Given the following query:
WITH t as (
SELECT name, array_agg(DISTINCT("age", "gender")) as "ages_and_genders"
FROM (
SELECT * FROM (VALUES ('bob', 33, 'm'), ('bob', 33, 'f'), ('alice', 30, 'f')) AS t ("name","age", "gender")
) as t
GROUP BY name
)
SELECT name, "ages_and_genders"[1]
FROM t
WHERE array_length("ages_and_genders", 1) = 1
How do I go about breaking apart the record/tuple returned into the "age" and "gender" as separate columns?

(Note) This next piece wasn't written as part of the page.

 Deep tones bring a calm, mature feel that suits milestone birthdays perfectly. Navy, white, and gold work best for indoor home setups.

I expect to get back a result:
name | age | gender
-------------------
"alice" | 30 | 'f'
Postgres cannot decompose anonymous record types. To access individual fields, the nested structure must be known. Cast to a well-known row type. If no matching type exists, yet, register one first. There are various ways. For ad-hoc use, a "temporary" type (undocumented) is advisable. (For repeated use, register a plain type.)

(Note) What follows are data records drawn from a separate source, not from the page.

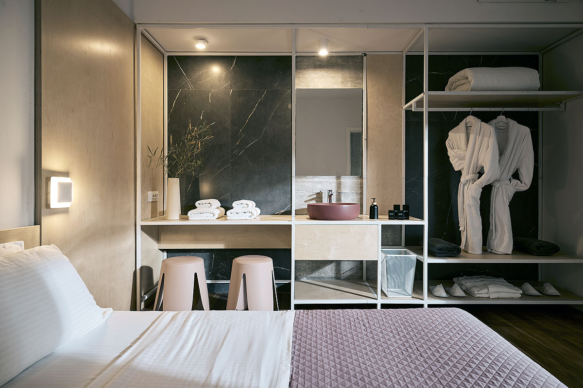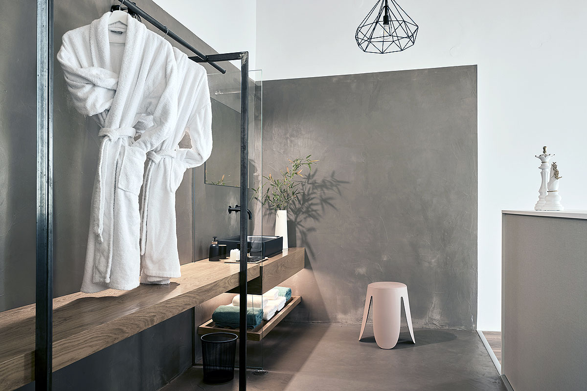 On the ground, there are two double bedrooms. All of them share one large bathroom with bathtub. On the first floor, there is a living room with stunning sea views, a fully equipped kitchen, a dining area and one more WC. On the lower floor of each villa, there is a large room with two double beds and one master bathroom shower. This room can accommodate up to four persons and it is ideal for a family with children.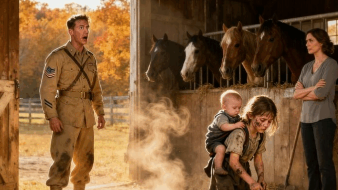 The words hit harder than any bullet ever could. Daniel’s heart pounded as Emily continued, voice trembling. “She left with a man. She said she wasn’t coming back. So I take care of Joshua. We feed the horse, clean the stalls, and Max helps us.”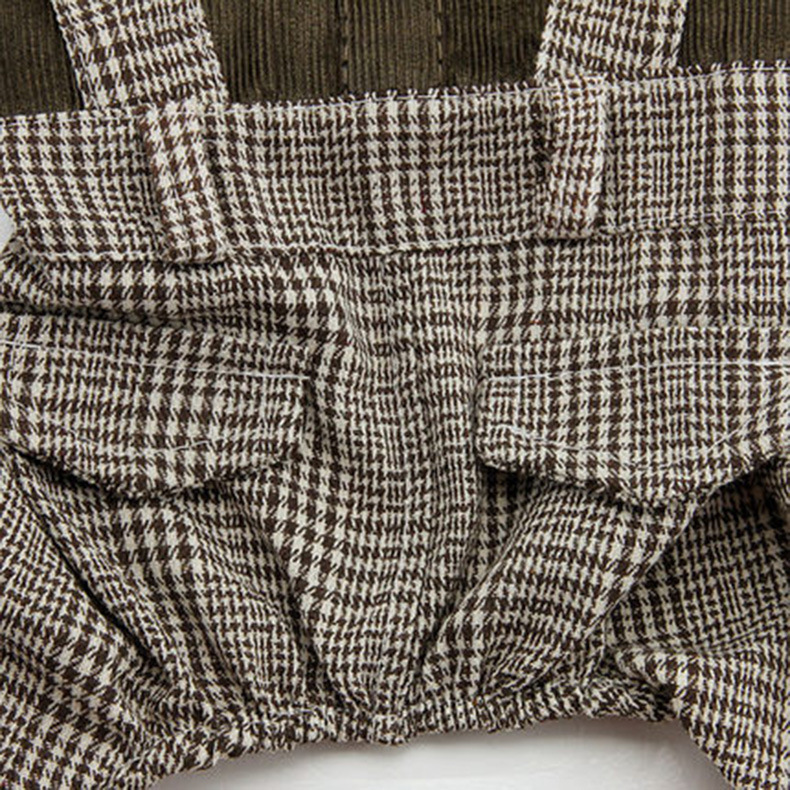 ボタンや格子柄のパンツ部分など細部までこだわった仕上がりで、お出かけや記念撮影にぴったりです。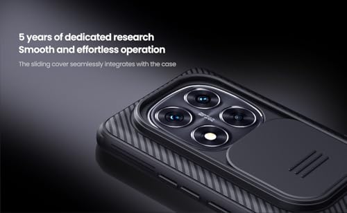 جراب نيلكين لموبايل ريدمي نوت 14 برو بلس شبكة الجيل الخامس 5G مع غطاء كاميرا صلب مصنوع من البولي كربونات، لون أسود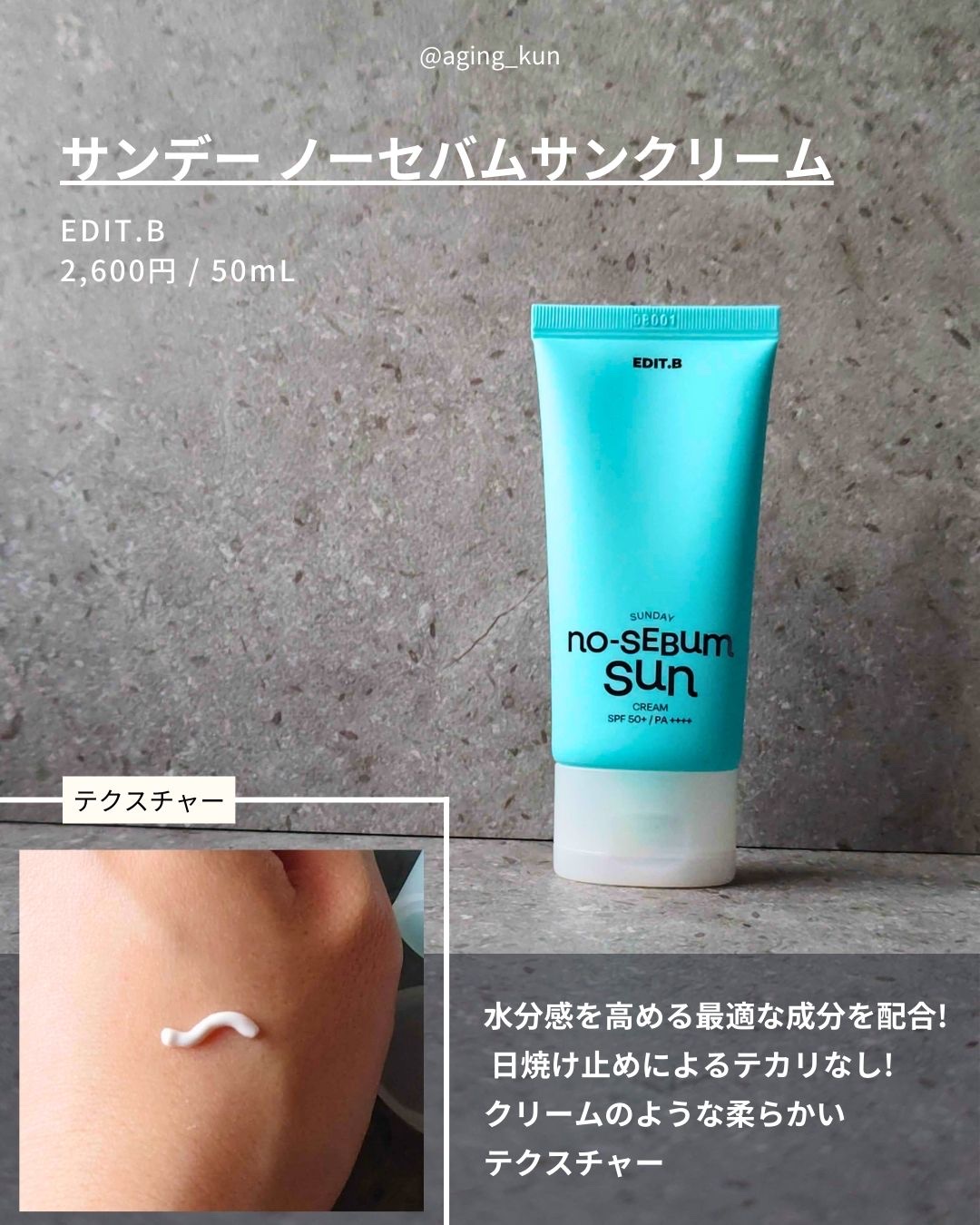 敏感肌にもオススメ紫外線を完璧にカット!EDIT.Bサンデーノーセバムサンクリーム(@edit.b_japan)□特徴毛穴&皮脂抑制効果ナチュラルなトーンアップ効果低刺激性日焼け止めしっとり感のあるサンケアコスメ強力なUVカット効果海...

By default, the value created by a
ROW
expression is of an anonymous record type. If necessary, it can be cast to a named composite type — either the row type of a table, or a composite type created withCREATE TYPE AS
. An explicit cast might be needed to avoid ambiguity.
Run once in your session:
CREATE TYPE pg_temp.my_int_txt AS (age int, gender text);
Then, with a drop-in fix (preserving other awkward syntax):
WITH t as (
SELECT name, array_agg(DISTINCT("age", "gender")::pg_temp.my_int_txt) as "ages_and_genders"
FROM (
SELECT * FROM (VALUES ('bob', 33, 'm'), ('bob', 33, 'f'), ('alice', 30, 'f')) AS t ("name","age", "gender")
) as t
GROUP BY name
)
SELECT name, ("ages_and_genders"[1]).age, ("ages_and_genders"[1]).gender
FROM t
WHERE array_length("ages_and_genders", 1) = 1;
The same, consolidated:
WITH cte AS (
SELECT name, array_agg(DISTINCT ROW(age, gender)::pg_temp.my_int_txt) AS ag
FROM (
VALUES
('bob' , 33, 'm')
, ('bob' , 33, 'f')
, ('alice', 30, 'f')
) AS t (name, age, gender)
GROUP BY name
)
SELECT name, (ag[1]).*
FROM cte
WHERE cardinality(ag) = 1;
Of course, I still wouldn't use that.
Typically, there are much simpler and faster solutions. Like:
SELECT name, min(age) AS age, min(gender) AS gender
FROM (
VALUES
('bob' , 33, 'm')
, ('bob' , 33, 'f')
, ('alice', 30, 'f')
) AS t (name, age, gender)
GROUP BY name
HAVING count(DISTINCT (age, gender)) = 1;
Or:
WITH cte(name, age, gender) AS (
VALUES
('bob' , 33, "char" 'm')
, ('bob' , 33, 'f')
, ('alice', 30, 'f')
)
SELECT SELECT DISTINCT ON (name) *
FROM cte t
WHERE NOT EXISTS (
SELECT FROM cte t1
WHERE t1.name = t.name
AND (t1.age, t1.gender) IS DISTINCT FROM (t.age, t.gender)
);
If age
and gender
are NOT NULL
, you can simplify.
You may not be aware of all the things going on in your code example.
You don't need SELECT * FROM (VALUES ...
in this context. The VALUES
expression can stand on its own.
The simple string and numeric constants default to the basic types text
and integer
. For other data you may want explicit type declarations.
For example, it's typically better to work with birthdays instead of age. The type date
would need an explicit cast or declaration in the first input row (or any, really) like:
WITH t(name, birthday, gender) AS (
VALUES
('bob', date '1990-06-01', 'm') -- !
, ('bob', '1990-06-01', 'f')
...
DISTINCT
is not a function. In your query, it's a syntax element of the aggregate function.
And ("age", "gender")
is a ROW constructor (with redundant double-quotes).
Clear syntax for both: array_agg(DISTINCT ROW(age, gender))
.
If all values are NOT NULL
, simpler expressions are possible. My given queries are null-safe.
Postgres' handling of anonymous records is a bit lacking in corner case situations. Not least because few care, as there are almost always better solutions.
For functions returning anonymous records, you can append a column definition list. Not applicable here.